Assuming that the ship owner or charterer can insure its liabilities and the cargo can be insured, the cover provided under the global regime introduced by the International Maritime Organisation may also be at risk. The IMO has created a liability and insurance regime under several oil pollution liability conventions which have been extended from crude oil to other products.
This regime provides for three tiers of compensation, the first of which is paid by the P&I Clubs. The second tier is governed by the International Oil Pollution Compensation Fund of 1992. The third tier is governed by the Supplementary Protocol of 2003 which provides further compensation up to a total amount of SDR750 million (approximately US$1 billion). The top two tiers are paid from a fund financed by contributions levied on any entity or person who has received more than 150 000 tonnes of persistent oil after sea transport in any calendar year.
This compensation regime has worked well for several decades in responding to the increasing cost of crude oil pollution in the event of a major casualty. The Pollution Fund, although not established exclusively from contributions from EU companies, is run in part out of the UK where the International Tanker Owners Federation is based.
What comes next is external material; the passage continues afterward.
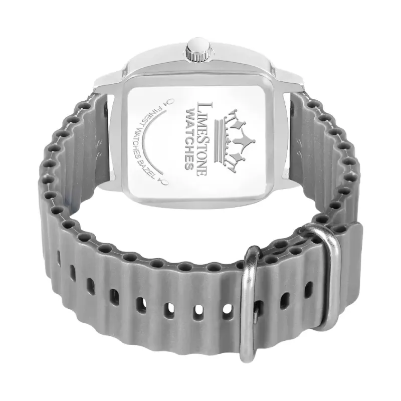 Crafted with precision, this watch boasts a sleek black dial encased in a square alloy bezel, exuding elegance and durability. The grey silicone strap, reminiscent of smartwatch aesthetics, offers both style and comfort, ensuring a snug fit for every occasion.

It is not yet clear whether this compensation regime will be affected by the proposed EU and UK sanctions after the transition period. No doubt, the Clubs and the Fund will come under enormous pressure to continue to deal with catastrophic oil spills from tankers even if they are Russian-owned or carrying Russian crude mainly because that regime is designed to compensate, not the shipowners or cargo owners, but the victims of the pollution incident who, in most cases, will not be Russian.
The US, which unlike the EU does not rely on Russian crude oil, has also imposed a ban on imports of Russian crude. That has not yet been extended to third party countries such as South Africa, but may be in the future.
The reality is that the majority of the companies, whether in South Africa or elsewhere, who trade in crude oil, have a global footprint and a presence in the UK, EU or US. This means that those sanctions can be given effect to by the EU or US taking action against parent or subsidiary companies in the EU and the US who breach the sanctions regime even if the crude oil goes nowhere near the EU or the US.
The current US sanctions which included a ban on Russian banks financing crude oil contained a waiver until 24 June have now been extended to 5 December to bring it in line with the EU transition period.
The cumulative effect of the above is that if the conflict is not resolved and the sanctions are not extended, UK, EU and US sanctions against insuring and financing Russian oil and the ships that carry it, will come into effect. It is unlikely that the victims of pollution will not be able to claim from the three tiers of the pollution regime. That is however a possibility, particularly insofar as the first tier claim against P&I Clubs is concerned.
In addition, particularly if the conflict escalates or any other countries are drawn into it, it is possible that the UK, EU and the US will extend the reach of their sanctions to include any trade in Russian crude oil regardless of where it is headed. Those sanctions could be given effect to should any of the parties involved carry on business in the UK, EU or US or if the trade is in US Dollars or Euros which have to pass thorough a US clearing bank and European clearing bank respectively.
For now, South African importers are free to trade in Russian crude, but need to be very careful about entering into long-term agreements or future contracts relating to Russian crude oil and refined products.